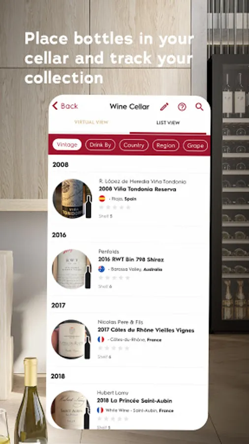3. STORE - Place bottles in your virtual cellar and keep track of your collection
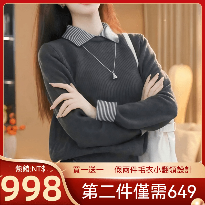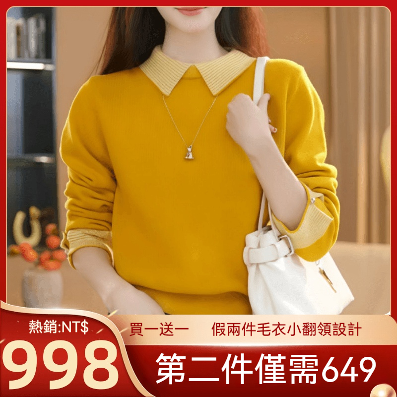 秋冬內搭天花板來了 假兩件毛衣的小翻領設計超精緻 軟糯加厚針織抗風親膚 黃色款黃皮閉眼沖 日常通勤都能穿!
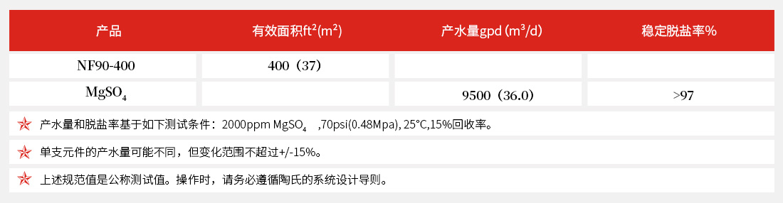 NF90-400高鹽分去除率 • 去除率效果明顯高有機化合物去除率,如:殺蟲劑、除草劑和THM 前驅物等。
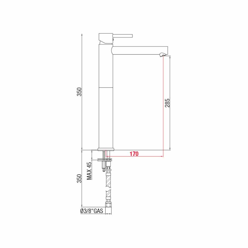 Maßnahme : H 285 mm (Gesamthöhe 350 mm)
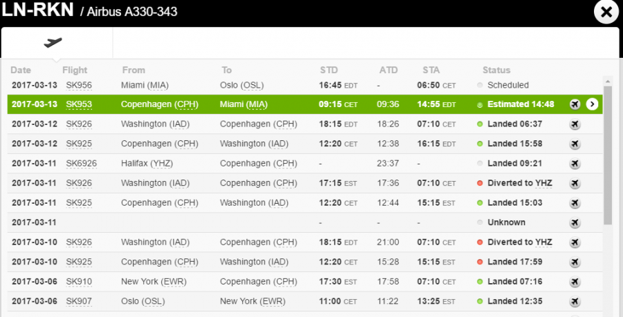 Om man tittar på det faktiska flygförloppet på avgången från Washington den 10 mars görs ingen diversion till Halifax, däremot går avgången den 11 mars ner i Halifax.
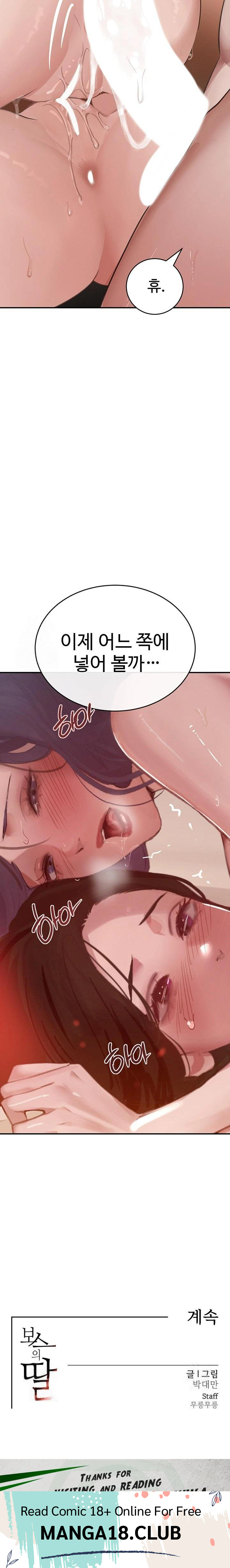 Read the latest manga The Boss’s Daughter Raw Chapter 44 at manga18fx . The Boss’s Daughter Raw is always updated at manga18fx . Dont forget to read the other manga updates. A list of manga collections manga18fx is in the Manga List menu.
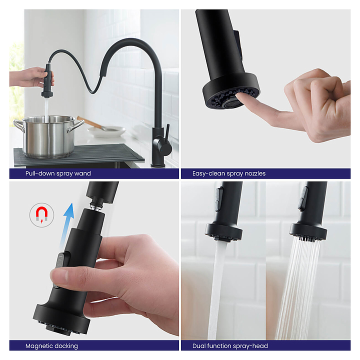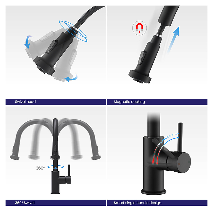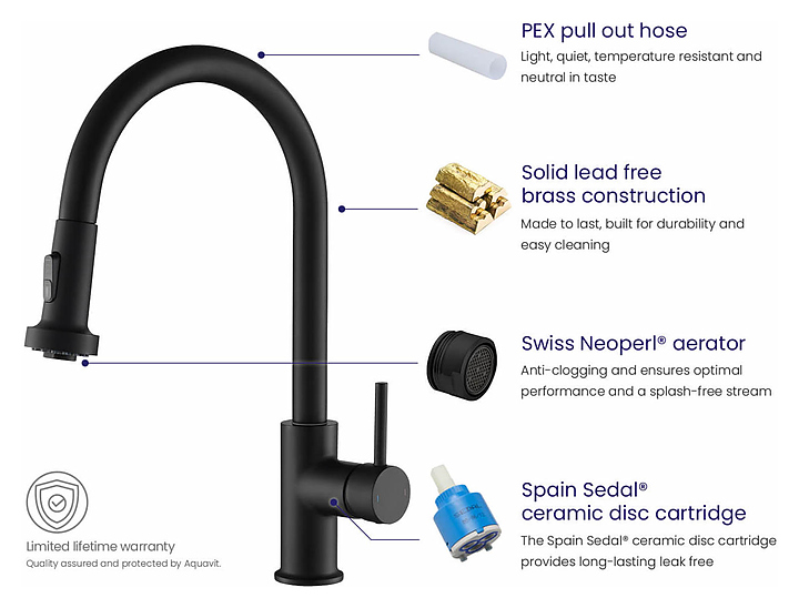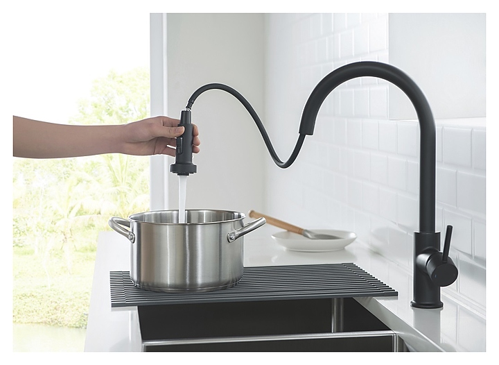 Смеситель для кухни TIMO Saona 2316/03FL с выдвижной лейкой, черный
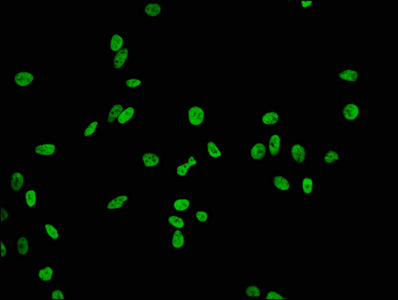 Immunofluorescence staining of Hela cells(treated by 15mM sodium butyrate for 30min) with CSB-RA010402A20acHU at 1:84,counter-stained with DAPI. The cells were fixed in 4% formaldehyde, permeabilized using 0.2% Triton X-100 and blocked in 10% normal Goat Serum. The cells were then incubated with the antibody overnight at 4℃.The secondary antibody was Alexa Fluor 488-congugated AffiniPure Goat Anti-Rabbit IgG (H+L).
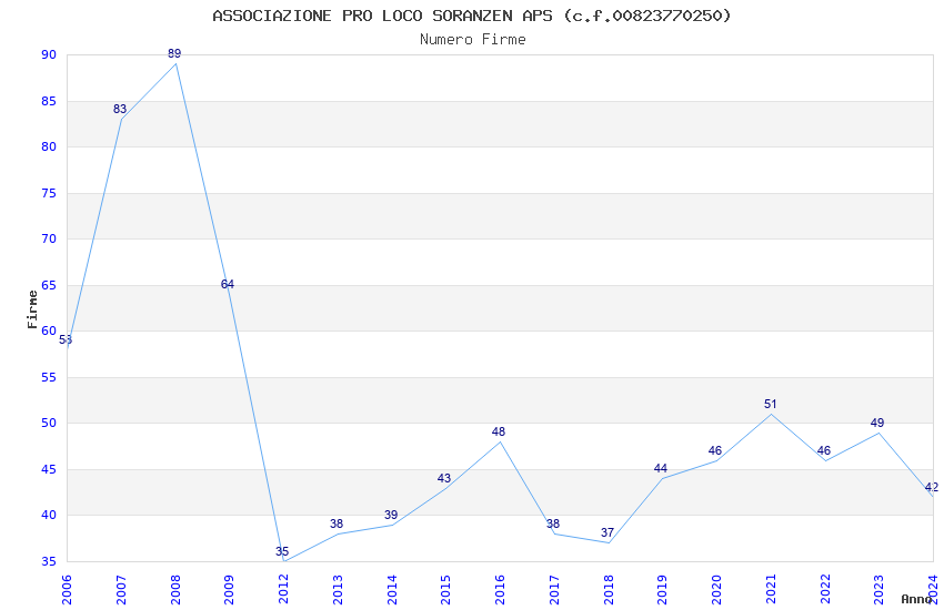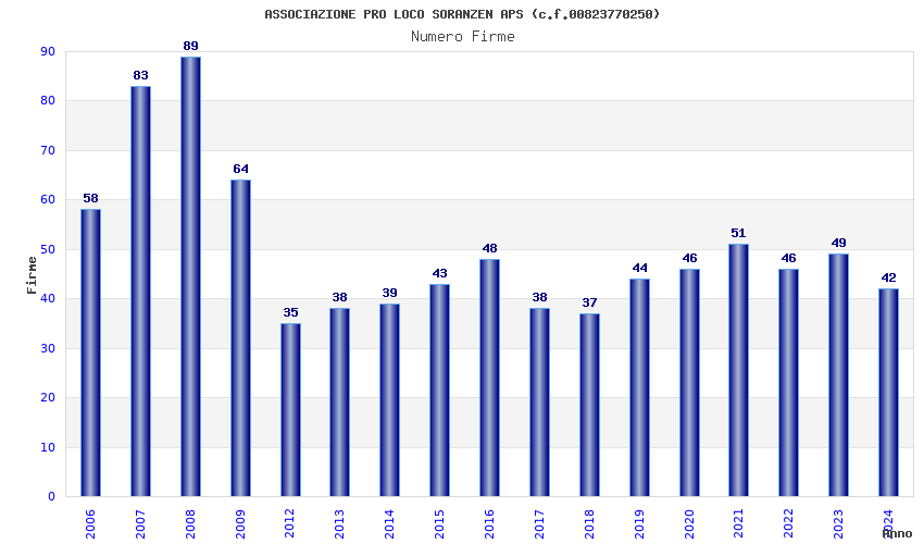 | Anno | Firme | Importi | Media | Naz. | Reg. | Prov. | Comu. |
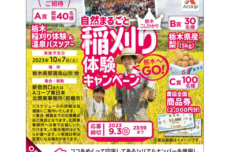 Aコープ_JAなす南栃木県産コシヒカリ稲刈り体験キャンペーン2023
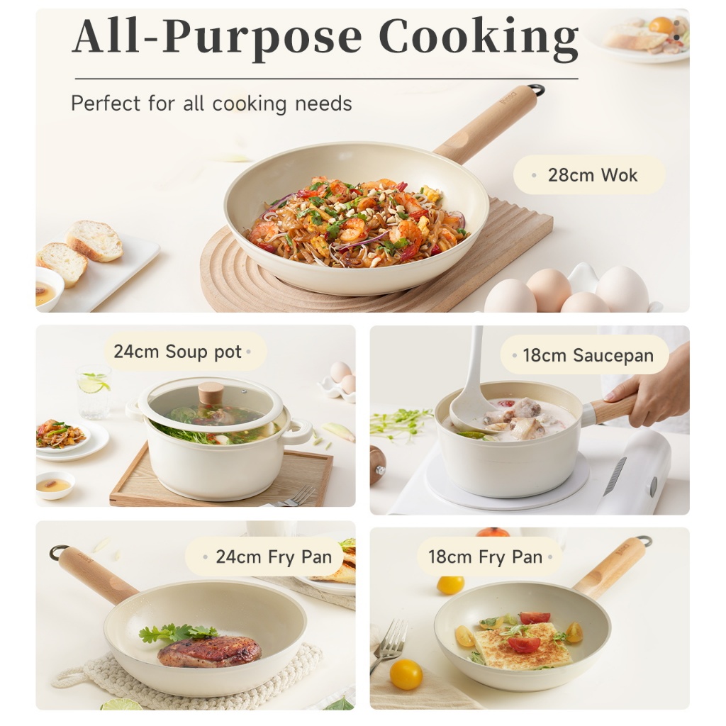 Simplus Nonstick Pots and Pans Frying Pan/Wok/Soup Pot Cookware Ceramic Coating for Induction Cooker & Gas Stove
========
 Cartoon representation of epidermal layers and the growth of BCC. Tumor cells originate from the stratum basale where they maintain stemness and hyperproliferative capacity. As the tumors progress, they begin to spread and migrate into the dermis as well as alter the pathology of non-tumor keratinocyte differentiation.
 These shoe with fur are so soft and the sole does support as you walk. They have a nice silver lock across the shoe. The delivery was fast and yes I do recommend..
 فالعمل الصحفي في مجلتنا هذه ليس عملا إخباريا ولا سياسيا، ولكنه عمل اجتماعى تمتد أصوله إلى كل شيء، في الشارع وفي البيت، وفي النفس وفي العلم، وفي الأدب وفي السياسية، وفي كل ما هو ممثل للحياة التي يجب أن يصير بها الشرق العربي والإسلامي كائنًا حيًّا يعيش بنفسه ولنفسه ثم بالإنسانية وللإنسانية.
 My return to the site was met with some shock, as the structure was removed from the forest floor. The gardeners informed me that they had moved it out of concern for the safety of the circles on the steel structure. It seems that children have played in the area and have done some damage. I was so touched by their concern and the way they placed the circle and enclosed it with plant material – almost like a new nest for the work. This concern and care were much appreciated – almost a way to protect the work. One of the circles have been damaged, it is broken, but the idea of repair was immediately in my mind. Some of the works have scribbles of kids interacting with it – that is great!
========
▸ **Task statement**: Beginning at the line above that contains "These shoe with", return each line exactly through the line that contains "فالعمل الصحفي في", and no others.

▸ **Task result**:
 These shoe with fur are so soft and the sole does support as you walk. They have a nice silver lock across the shoe. The delivery was fast and yes I do recommend..
 فالعمل الصحفي في مجلتنا هذه ليس عملا إخباريا ولا سياسيا، ولكنه عمل اجتماعى تمتد أصوله إلى كل شيء، في الشارع وفي البيت، وفي النفس وفي العلم، وفي الأدب وفي السياسية، وفي كل ما هو ممثل للحياة التي يجب أن يصير بها الشرق العربي والإسلامي كائنًا حيًّا يعيش بنفسه ولنفسه ثم بالإنسانية وللإنسانية.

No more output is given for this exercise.